• **EXERCISE DIRECTIONS**: Nothing but the lines from the start of the records below through the line that has "8일 오후 인천 문학구장에서" should appear, each exactly as given.

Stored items

"""

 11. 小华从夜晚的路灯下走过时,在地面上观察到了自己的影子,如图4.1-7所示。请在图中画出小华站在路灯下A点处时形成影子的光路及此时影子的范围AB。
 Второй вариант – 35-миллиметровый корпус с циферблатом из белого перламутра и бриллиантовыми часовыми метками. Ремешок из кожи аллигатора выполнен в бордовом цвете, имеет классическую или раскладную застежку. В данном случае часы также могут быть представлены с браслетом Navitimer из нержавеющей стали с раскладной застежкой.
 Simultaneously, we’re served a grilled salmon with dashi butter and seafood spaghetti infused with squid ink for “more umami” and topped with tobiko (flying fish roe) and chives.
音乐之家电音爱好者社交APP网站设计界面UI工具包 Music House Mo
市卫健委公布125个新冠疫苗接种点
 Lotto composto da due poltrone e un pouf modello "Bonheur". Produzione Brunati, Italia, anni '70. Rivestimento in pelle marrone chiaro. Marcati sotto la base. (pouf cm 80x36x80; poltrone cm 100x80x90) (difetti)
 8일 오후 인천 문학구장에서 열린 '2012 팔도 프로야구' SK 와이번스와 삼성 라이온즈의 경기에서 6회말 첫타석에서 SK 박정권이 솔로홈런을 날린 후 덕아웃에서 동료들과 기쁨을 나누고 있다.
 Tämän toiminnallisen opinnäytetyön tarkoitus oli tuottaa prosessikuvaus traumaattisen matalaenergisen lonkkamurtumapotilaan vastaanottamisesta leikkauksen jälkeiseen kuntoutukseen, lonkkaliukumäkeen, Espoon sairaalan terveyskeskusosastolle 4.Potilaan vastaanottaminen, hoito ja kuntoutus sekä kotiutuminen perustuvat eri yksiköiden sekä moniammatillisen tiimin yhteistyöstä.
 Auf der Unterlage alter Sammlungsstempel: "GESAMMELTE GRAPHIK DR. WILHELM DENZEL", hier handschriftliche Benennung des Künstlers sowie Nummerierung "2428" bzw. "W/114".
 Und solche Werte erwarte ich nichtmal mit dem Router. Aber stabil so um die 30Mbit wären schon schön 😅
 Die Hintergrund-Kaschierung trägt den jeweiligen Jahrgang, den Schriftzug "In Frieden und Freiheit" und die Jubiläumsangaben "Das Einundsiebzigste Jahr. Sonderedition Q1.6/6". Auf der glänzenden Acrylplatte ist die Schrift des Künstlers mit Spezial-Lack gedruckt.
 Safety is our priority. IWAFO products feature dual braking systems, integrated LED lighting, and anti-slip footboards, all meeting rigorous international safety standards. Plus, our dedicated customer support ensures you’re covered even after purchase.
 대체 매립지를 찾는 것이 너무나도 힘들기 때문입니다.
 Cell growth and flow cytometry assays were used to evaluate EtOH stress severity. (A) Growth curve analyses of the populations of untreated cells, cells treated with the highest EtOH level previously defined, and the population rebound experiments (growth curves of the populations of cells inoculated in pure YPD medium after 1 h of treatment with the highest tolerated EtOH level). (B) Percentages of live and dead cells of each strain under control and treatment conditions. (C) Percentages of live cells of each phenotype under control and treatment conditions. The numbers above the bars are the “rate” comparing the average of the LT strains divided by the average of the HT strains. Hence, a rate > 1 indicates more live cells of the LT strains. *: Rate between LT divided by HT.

"""

• **FINAL ANSWER**:
 11. 小华从夜晚的路灯下走过时,在地面上观察到了自己的影子,如图4.1-7所示。请在图中画出小华站在路灯下A点处时形成影子的光路及此时影子的范围AB。
 Второй вариант – 35-миллиметровый корпус с циферблатом из белого перламутра и бриллиантовыми часовыми метками. Ремешок из кожи аллигатора выполнен в бордовом цвете, имеет классическую или раскладную застежку. В данном случае часы также могут быть представлены с браслетом Navitimer из нержавеющей стали с раскладной застежкой.
 Simultaneously, we’re served a grilled salmon with dashi butter and seafood spaghetti infused with squid ink for “more umami” and topped with tobiko (flying fish roe) and chives.
音乐之家电音爱好者社交APP网站设计界面UI工具包 Music House Mo
市卫健委公布125个新冠疫苗接种点
 Lotto composto da due poltrone e un pouf modello "Bonheur". Produzione Brunati, Italia, anni '70. Rivestimento in pelle marrone chiaro. Marcati sotto la base. (pouf cm 80x36x80; poltrone cm 100x80x90) (difetti)
 8일 오후 인천 문학구장에서 열린 '2012 팔도 프로야구' SK 와이번스와 삼성 라이온즈의 경기에서 6회말 첫타석에서 SK 박정권이 솔로홈런을 날린 후 덕아웃에서 동료들과 기쁨을 나누고 있다.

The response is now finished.